=== Section Start ===

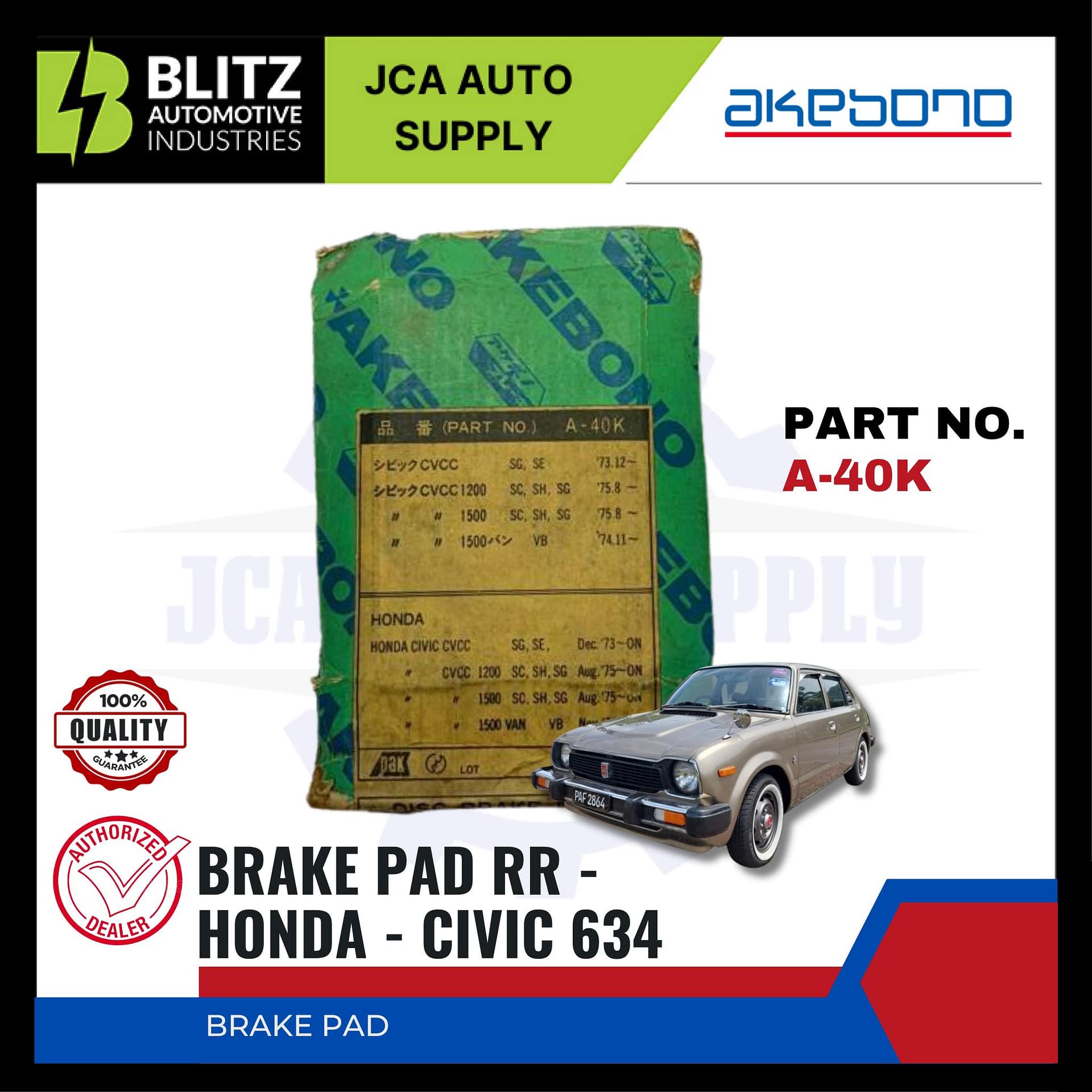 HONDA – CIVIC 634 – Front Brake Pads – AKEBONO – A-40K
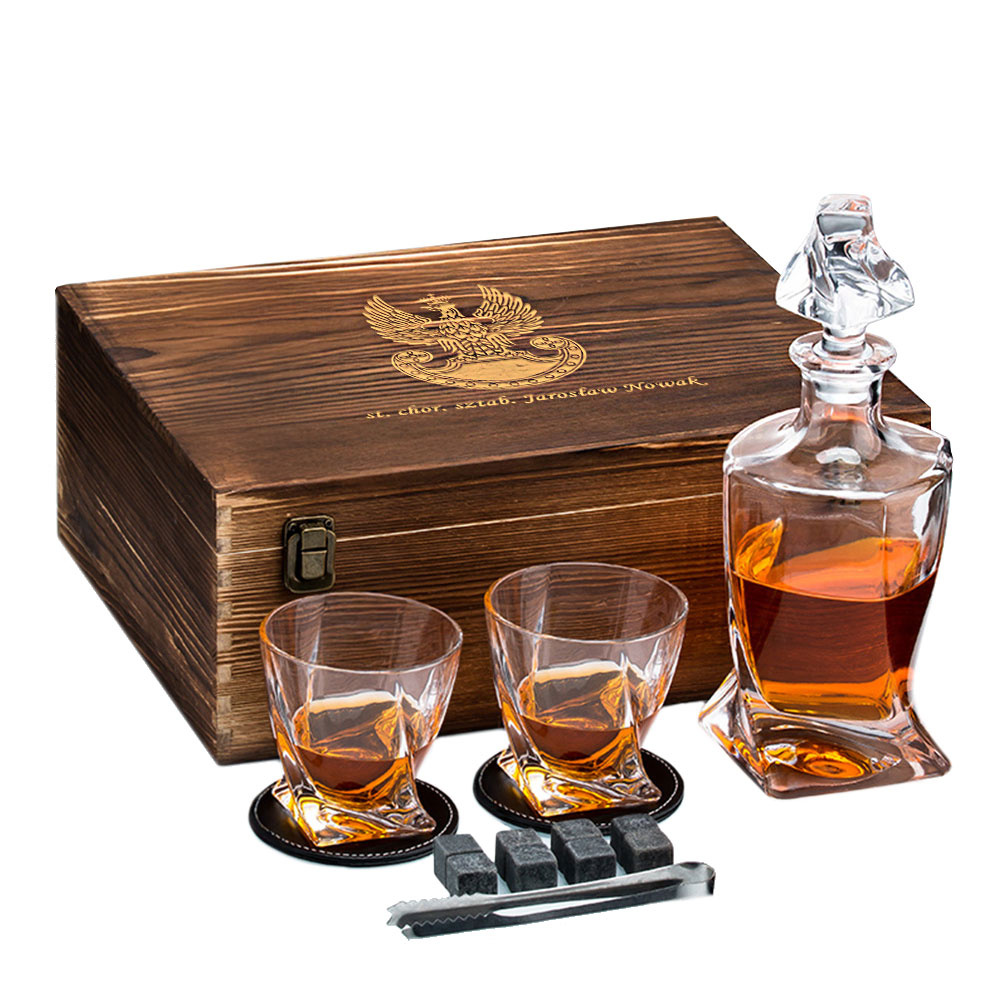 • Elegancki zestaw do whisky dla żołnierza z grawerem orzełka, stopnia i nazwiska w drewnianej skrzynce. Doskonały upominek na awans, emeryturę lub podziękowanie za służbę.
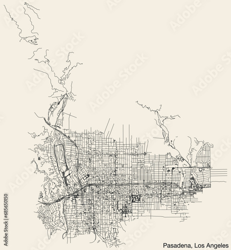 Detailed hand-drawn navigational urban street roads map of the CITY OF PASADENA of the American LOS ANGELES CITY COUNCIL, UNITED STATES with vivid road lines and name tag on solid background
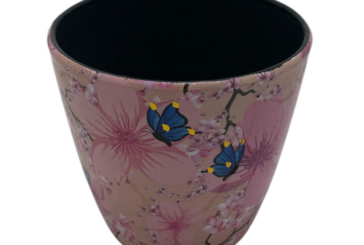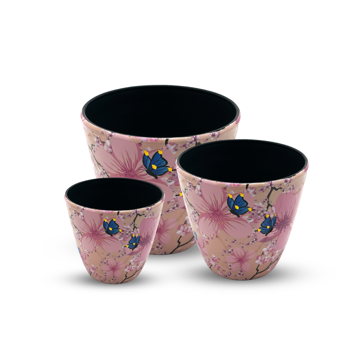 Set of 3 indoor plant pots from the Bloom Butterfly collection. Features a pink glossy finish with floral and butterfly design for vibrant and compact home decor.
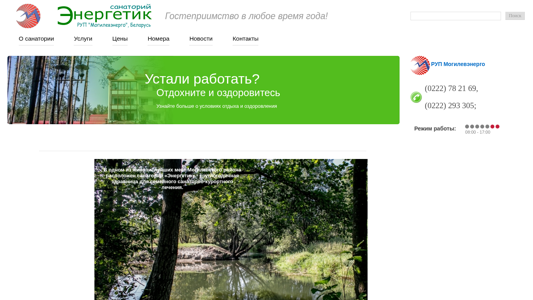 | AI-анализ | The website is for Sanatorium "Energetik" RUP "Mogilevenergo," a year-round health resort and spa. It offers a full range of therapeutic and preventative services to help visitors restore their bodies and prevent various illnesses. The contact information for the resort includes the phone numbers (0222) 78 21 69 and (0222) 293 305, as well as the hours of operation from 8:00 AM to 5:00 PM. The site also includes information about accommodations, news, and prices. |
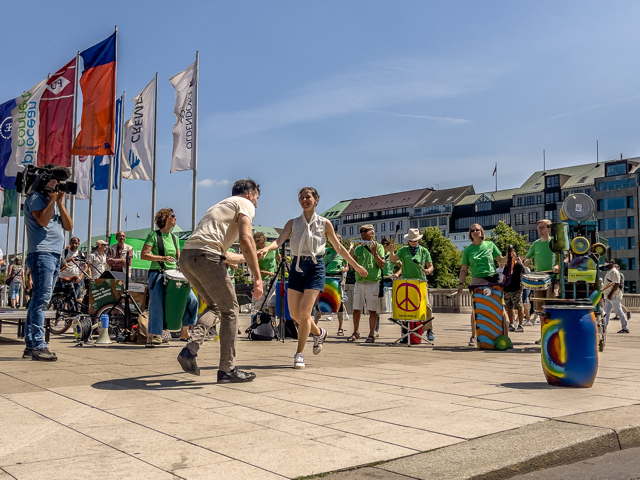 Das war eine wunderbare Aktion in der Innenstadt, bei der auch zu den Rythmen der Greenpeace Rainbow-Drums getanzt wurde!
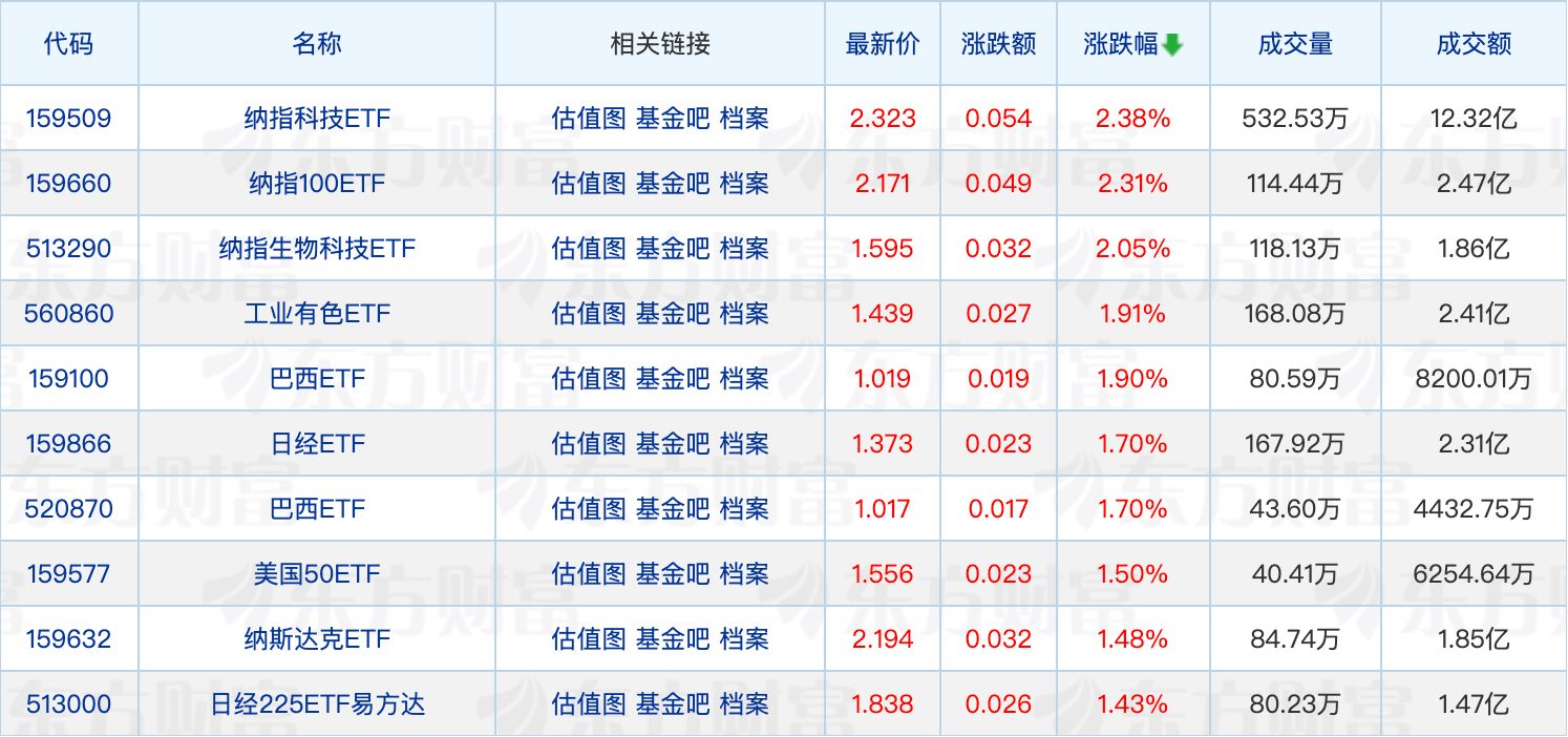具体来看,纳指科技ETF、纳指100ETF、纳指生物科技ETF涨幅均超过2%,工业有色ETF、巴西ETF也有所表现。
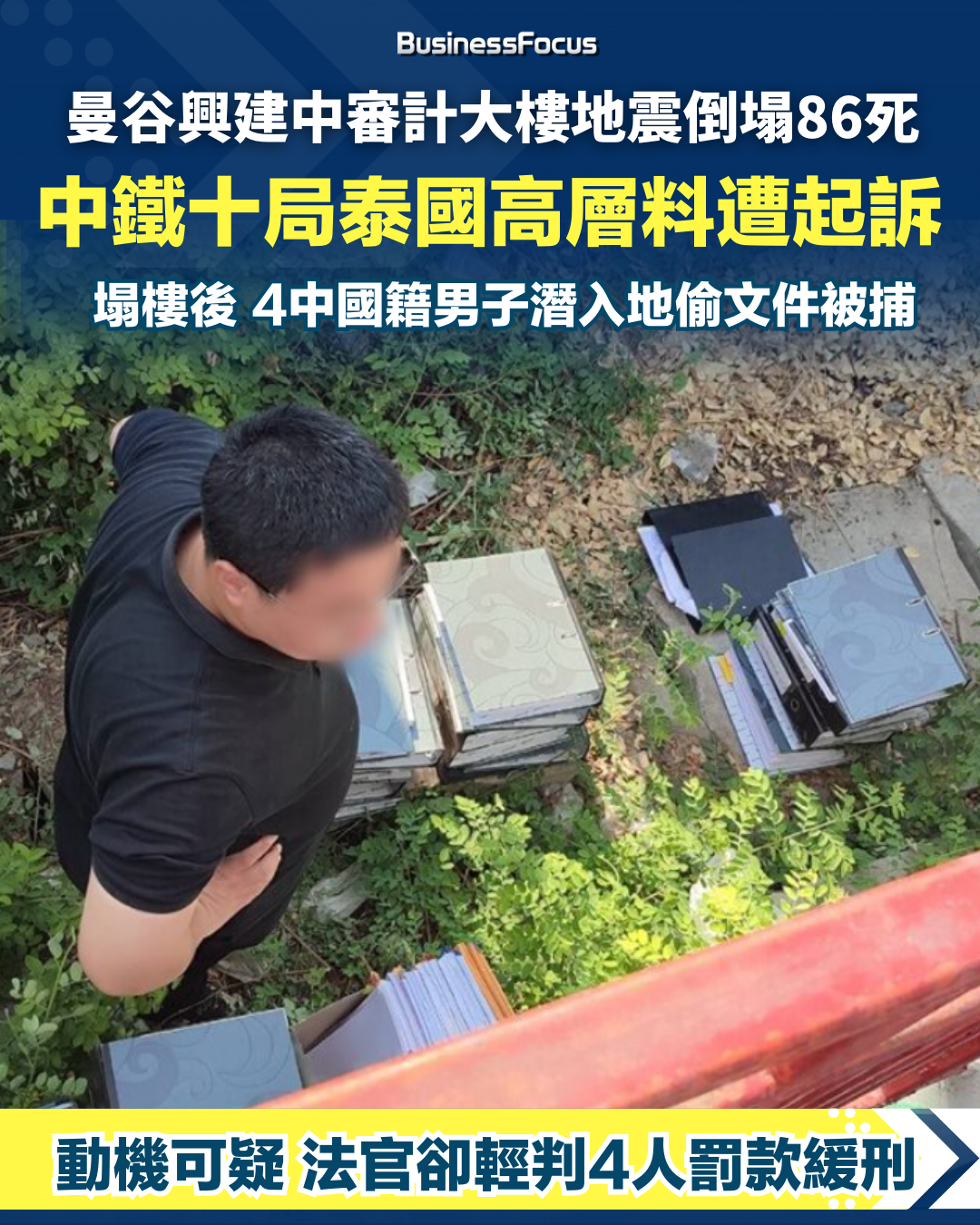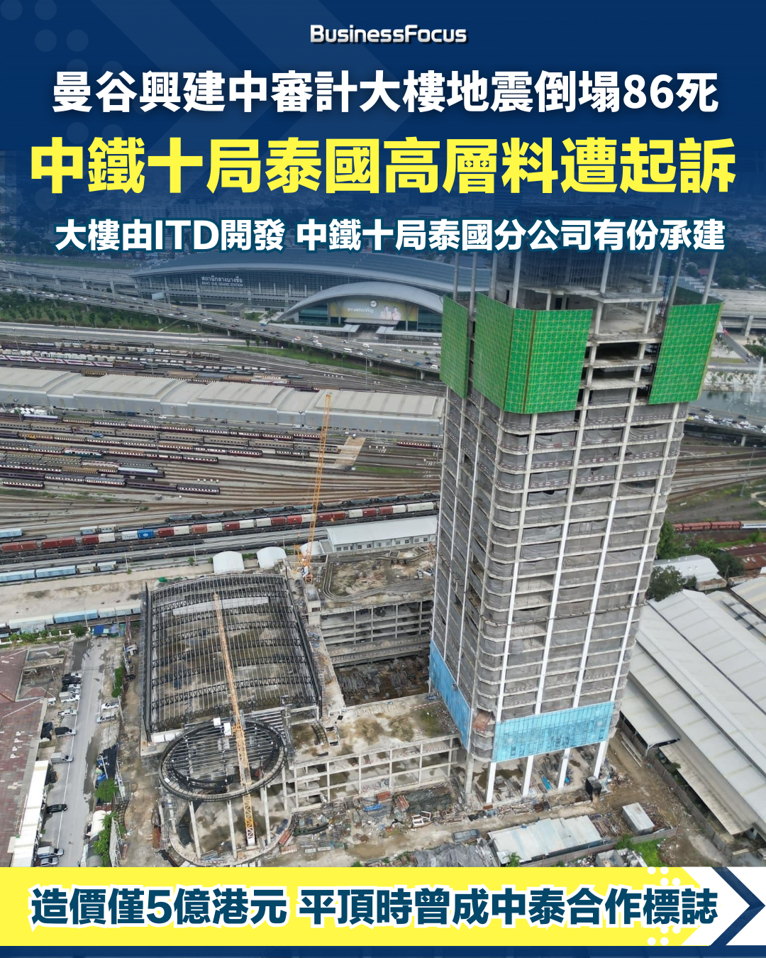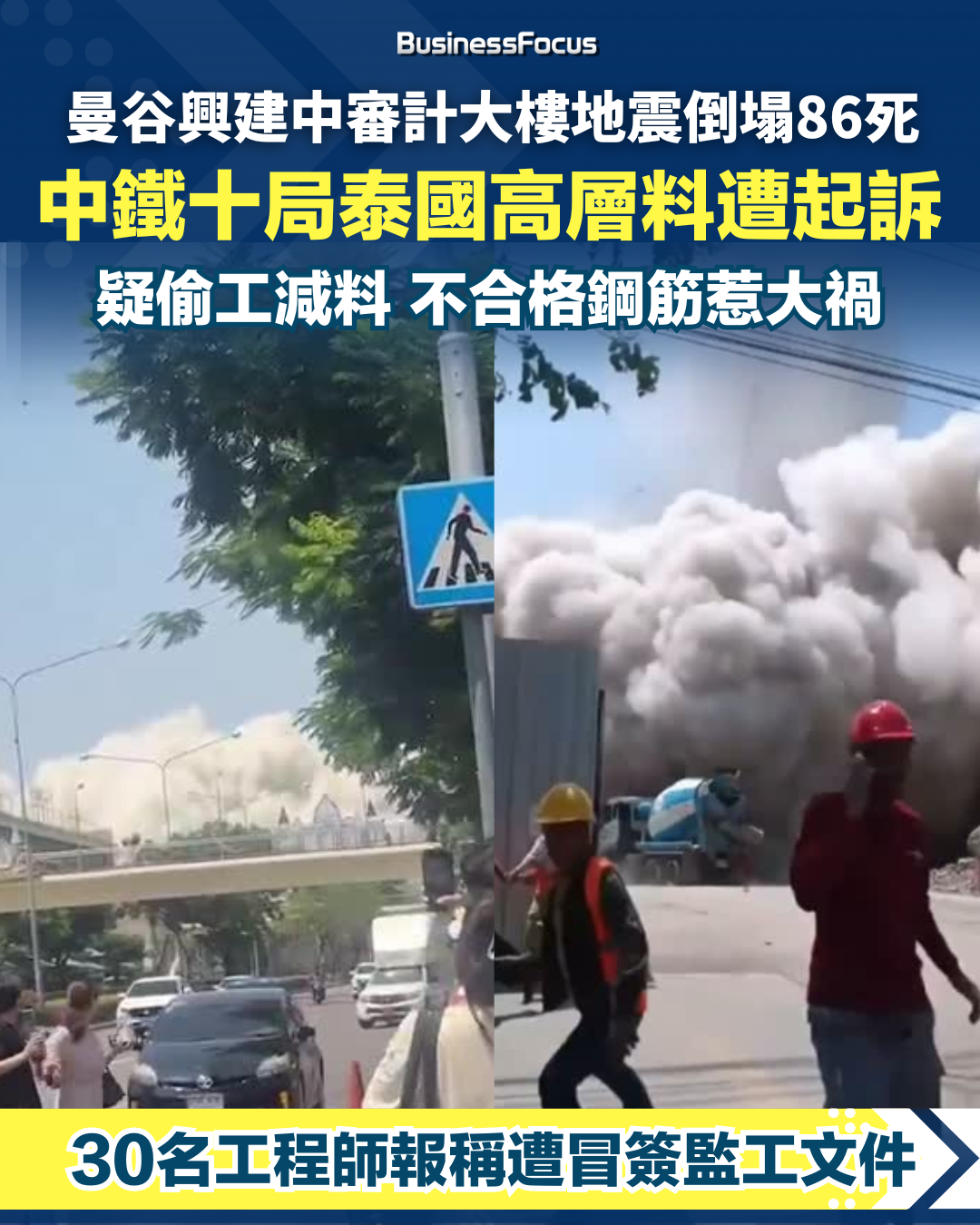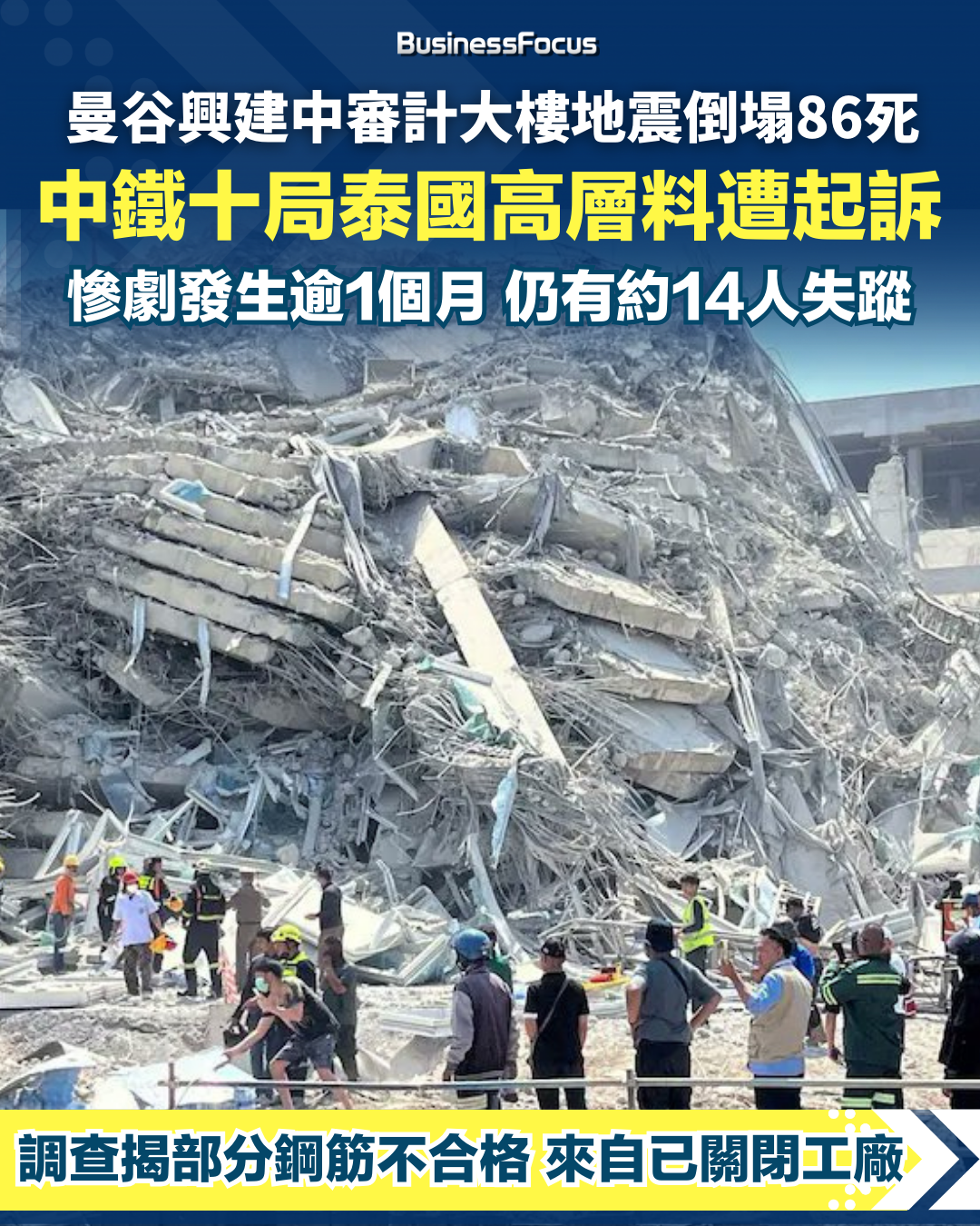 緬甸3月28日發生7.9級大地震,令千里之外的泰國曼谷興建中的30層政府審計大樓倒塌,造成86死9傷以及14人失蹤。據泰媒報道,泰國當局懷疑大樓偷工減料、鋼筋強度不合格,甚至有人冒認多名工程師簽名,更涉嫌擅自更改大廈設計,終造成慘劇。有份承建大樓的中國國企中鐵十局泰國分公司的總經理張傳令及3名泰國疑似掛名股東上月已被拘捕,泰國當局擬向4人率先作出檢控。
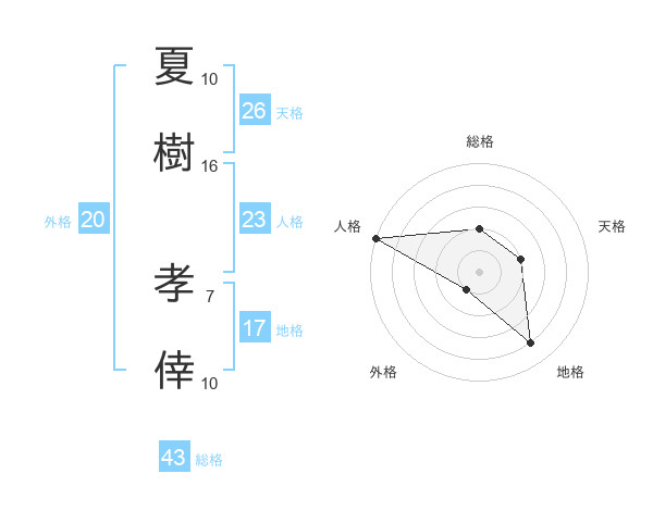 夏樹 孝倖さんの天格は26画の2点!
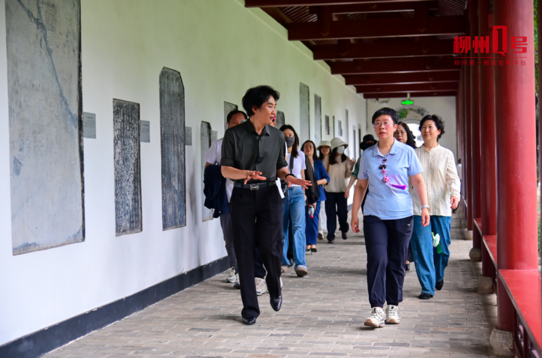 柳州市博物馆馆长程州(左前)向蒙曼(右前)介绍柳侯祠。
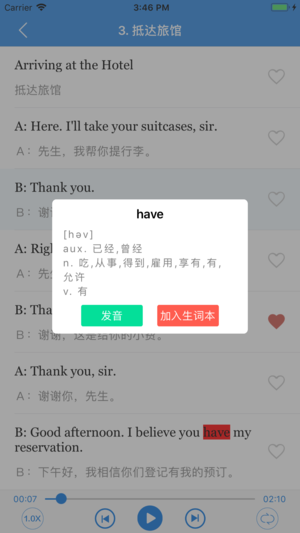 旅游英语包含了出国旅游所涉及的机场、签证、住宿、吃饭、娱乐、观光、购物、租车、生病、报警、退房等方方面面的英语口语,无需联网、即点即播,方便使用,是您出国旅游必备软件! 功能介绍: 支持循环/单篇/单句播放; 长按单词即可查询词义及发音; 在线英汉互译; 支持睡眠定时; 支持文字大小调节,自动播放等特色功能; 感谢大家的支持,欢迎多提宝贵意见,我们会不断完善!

=== Section End ===

WHAT NEEDS TO BE DONE:
Output the line containing "緬甸3月28日發生7.9級大" along with every line after it to the end of the material, exactly as written, but without pictures.

SOLUTION FOR THIS PROBLEM:
 緬甸3月28日發生7.9級大地震,令千里之外的泰國曼谷興建中的30層政府審計大樓倒塌,造成86死9傷以及14人失蹤。據泰媒報道,泰國當局懷疑大樓偷工減料、鋼筋強度不合格,甚至有人冒認多名工程師簽名,更涉嫌擅自更改大廈設計,終造成慘劇。有份承建大樓的中國國企中鐵十局泰國分公司的總經理張傳令及3名泰國疑似掛名股東上月已被拘捕,泰國當局擬向4人率先作出檢控。
 夏樹 孝倖さんの天格は26画の2点!
 柳州市博物馆馆长程州(左前)向蒙曼(右前)介绍柳侯祠。
 旅游英语包含了出国旅游所涉及的机场、签证、住宿、吃饭、娱乐、观光、购物、租车、生病、报警、退房等方方面面的英语口语,无需联网、即点即播,方便使用,是您出国旅游必备软件! 功能介绍: 支持循环/单篇/单句播放; 长按单词即可查询词义及发音; 在线英汉互译; 支持睡眠定时; 支持文字大小调节,自动播放等特色功能; 感谢大家的支持,欢迎多提宝贵意见,我们会不断完善!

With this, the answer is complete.